Newton em sua Óptica nos deu várias experiências oculares e evidentes.

Também não é menos surpreendente encontrar essa afirmação novamente


repetida em palavras expressas que, após a primeira criação das coisas
(seção 115-6), a continuação dos movimentos dos corpos celestes, a
formação das plantas e dos animais, e cada movimento dos corpos, tanto
dos homens quanto de todos os outros animais, são tão mecânicos quanto os
movimentos de um relógio. Quem quer que alimente essa opinião é (penso
eu) obrigado, pela razão, a ser capaz de explicar particularmente por quais
leis de mecanismo os planetas e cometas podem continuar a se mover nos
orbes que fazem, através de espaços não existentes, e por quais leis
mecânicas tanto plantas como animais são formados, e como os infinitos
movimentos espontâneos dos animais e homens são realizados. Isso, estou
plenamente convencido, é tão impossível de se entender quanto seria
impossível demonstrar como uma casa ou cidade poderia ser construída - ou
como o próprio mundo teria sido inicialmente formado - por um simples
mecanismo, sem qualquer causa inteligente e ativa. Que as coisas não
poderiam ser produzidas no princípio por um mecanismo é algo
expressamente admitido, e, uma vez que isso é concedido, por que, afinal,
tanta preocupação deveria ser manifestada no sentido de excluir o governo
real de Deus do mundo e de fazer com que sua providência não aja senão
concordando (como a frase é) em deixar que todas as coisas façam apenas o
que fariam de si próprias por meio de um mero mecanismo, e por que se
deve pensar que Deus está sob qualquer obrigação ou confinamento, seja na
natureza ou na sabedoria, para nunca realizar nada no universo, senão o que
é possível para uma máquina corpórea realizar através de meras leis
mecânicas depois de ter sido posta em marcha, eu não posso de forma
alguma conceber.

117. Esse sábio autor admite aqui que há milagres maiores e menores em
verdade, e que os anjos são capazes de fazer verdadeiros milagres, sendo
perfeitamente contraditório com aquela noção da natureza de um milagre, a
qual ele sempre defendeu nestes documentos.

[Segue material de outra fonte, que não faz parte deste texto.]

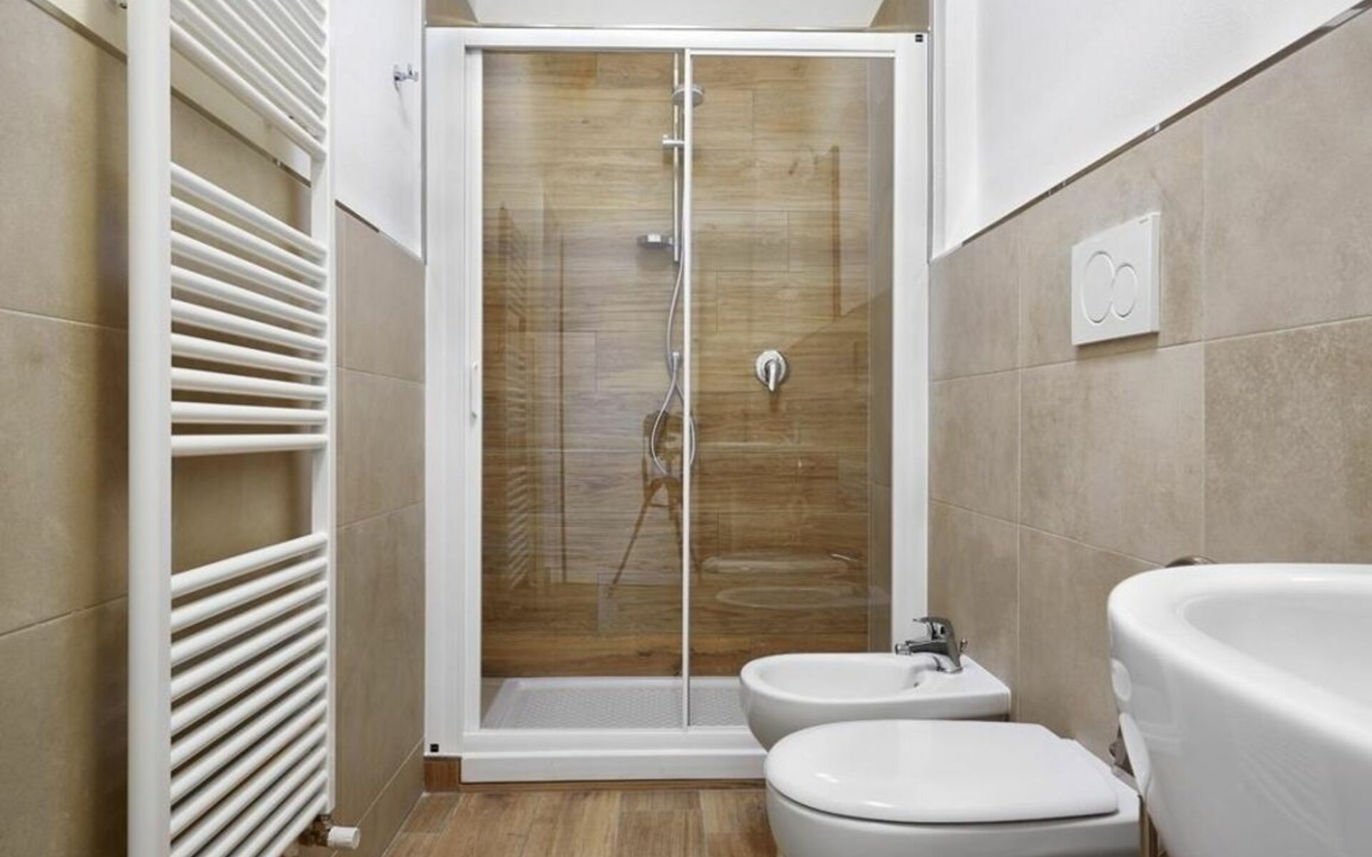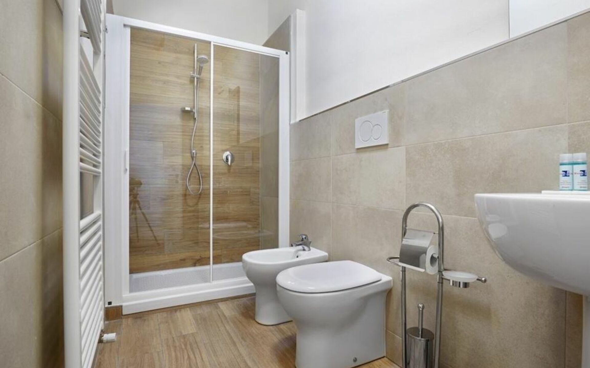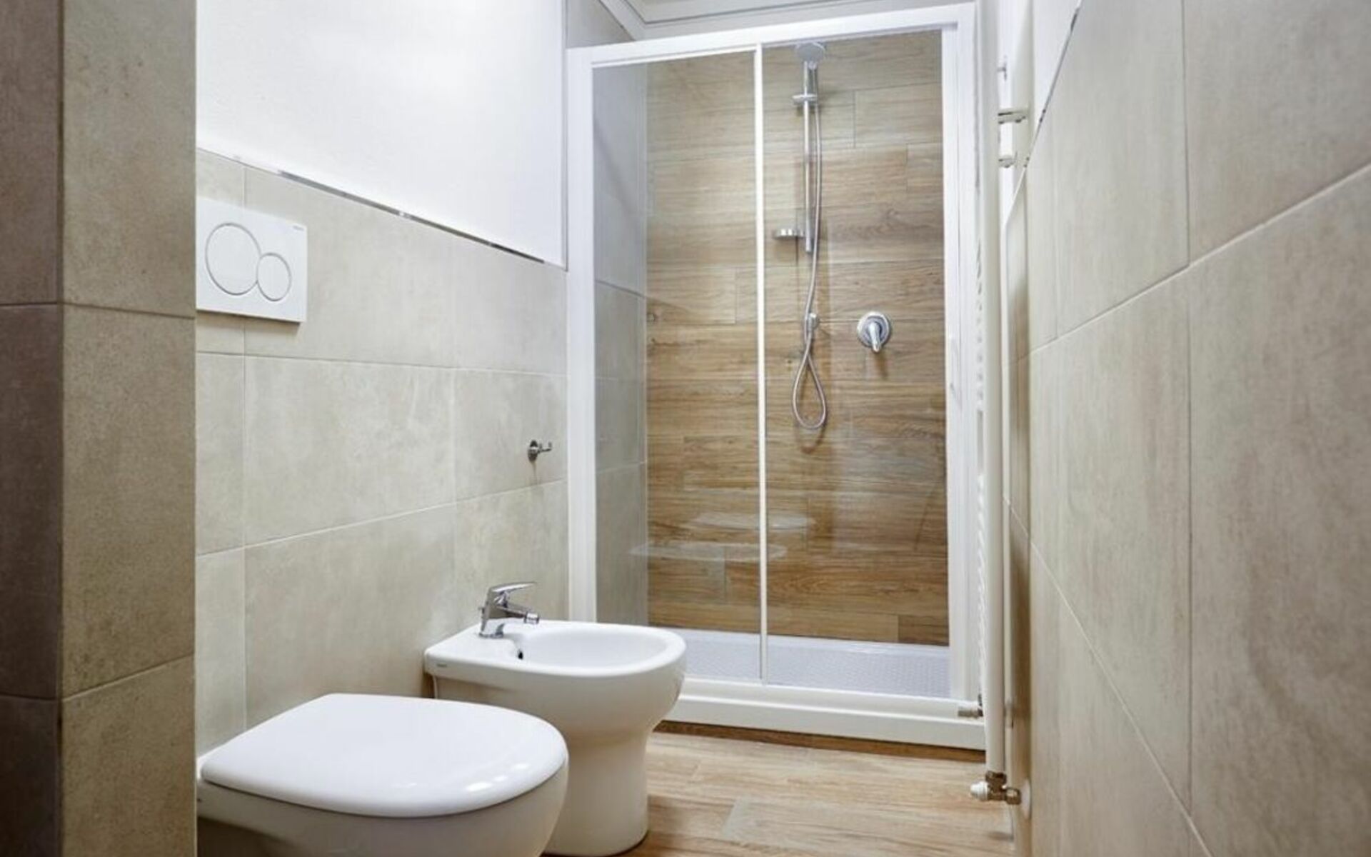 Going back to the entrance corridor, going past the kitchen you'll find the second bathroom, which also has a shower. At the end of the corridor there is the second bedroom (with two single beds 90 cm wide - can be combined). In both bedrooms there is a flat-screen TV.

118-123. Que o Sol atrai a Terra através do espaço vazio intermediário, ou


seja, que a Terra e o Sol gravitam um para o outro ou tendem (seja qual for
a causa dessa tendência) um para o outro com uma força que está em
proporção direta às suas massas, ou magnitudes e densidades juntas, e numa
proporção inversa duplicada de suas distâncias, e que o espaço entre eles é
vazio, ou seja, não tem nada nele que resista sensatamente ao movimento
dos corpos que passam transversalmente, tudo isso não é nada além de um
fenômeno ou de uma questão real dos fatos encontrada pela experiência.
Que esse fenômeno não é produzido (seção 118) sans moyen, ou seja, sem
alguma causa capaz de produzir tal efeito, é sem dúvida verdade. Os
filósofos, portanto, podem procurar e descobrir essa causa, se puderem, seja
ela mecânica ou não. Mas, se eles não podem descobrir a causa, será então
o efeito em si, o fenômeno, ou a questão dos fatos descoberta pela
experiência (que é tudo o que significa as palavras atração e gravitação)
menos verdadeiro? Ou será uma qualidade manifesta a ser chamada (seção
122) oculta porque a causa imediata eficiente dela (talvez) está oculta ou
ainda não foi descoberta? Quando um corpo (seção 123) se move em
círculo sem voar fora pela tangente, é certo que há algo que o impede, mas
se em alguns casos ele não é mecanicamente (seção 123) explicável, ou se
ainda não foi descoberto o que é esse algo, será que o fenômeno em si é
falso? De fato, esse é um argumento muito singular.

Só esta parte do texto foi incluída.